Unfortunately, the original BioBrick assembly standard, Assembly standard 10, does not support in-frame assembly of protein domains. (Assembly standard 10 creates an 8 bp scar between adjacent parts.) Therefore, it is recommended that you use an alternate approach to assemble protein domains together to make a protein coding sequence. There are several possible approaches to assembling protein domains including various assembly standards and direct synthesis.
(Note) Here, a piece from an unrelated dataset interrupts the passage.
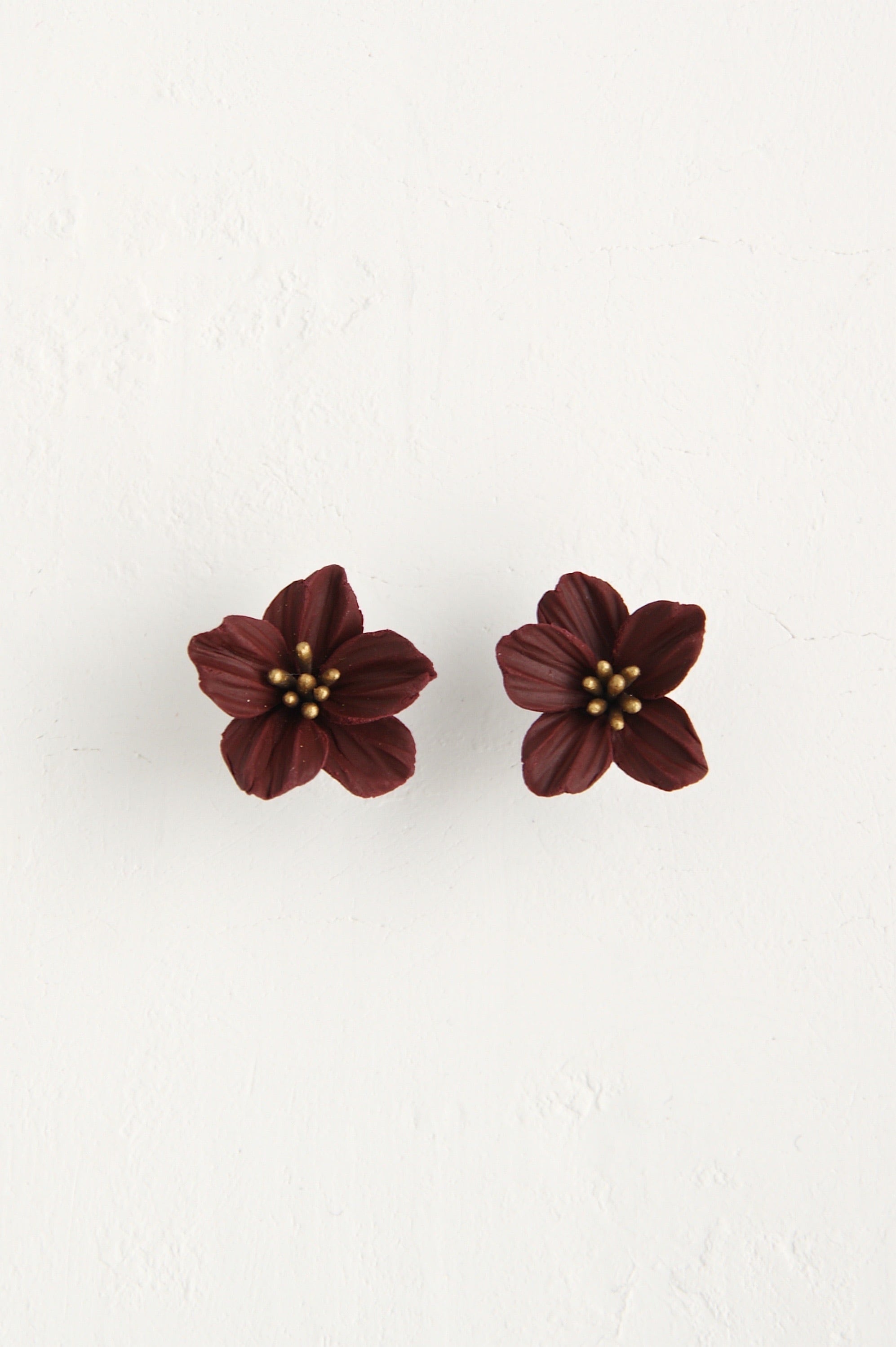 チョコレートコスモスをモチーフにした一輪の耳飾り。マットでこっくりとしたボルドーの花びらにダークブラウンの花芯を合わせ、先端にゴールドのペイントを施しました。リップなどの色味に近いので、メイクやファッションのワンポイントになるような使いやすいデザインです。

Regardless of which standard you choose, we suggest that the resulting protein coding sequence comply with the original BioBrick assembly standard so that your parts can be assembled with most of the parts in the Registry.
If you prefer to specify the RBS as a separate part from the protein coding sequence, then the assembled protein coding sequence should be as follows
GAATTC GCGGCCGC T TCTAG [ATG ... TAA TAA] T ACTAGT A GCGGCCG CTGCAG
If you prefer to specify the RBS together with the protein coding sequence, then the assembled RBS + protein coding sequence should be as follows
GAATTC GCGGCCGC T TCTAGA G [RBS] [ATG ... TAA TAA] T ACTAGT A GCGGCCG CTGCAG
Although most RBSs and Head domains are currently specified as separate parts in the Registry, we are now moving to a new design in which the RBS and Head domain is specified as a single part. The new design has the advantage of encapsulating both ribosome binding and translational initiation within a single part. Our working hypothesis is that the new design will reduce the likelihood of unexpected functional composition problems between the RBS and coding sequence.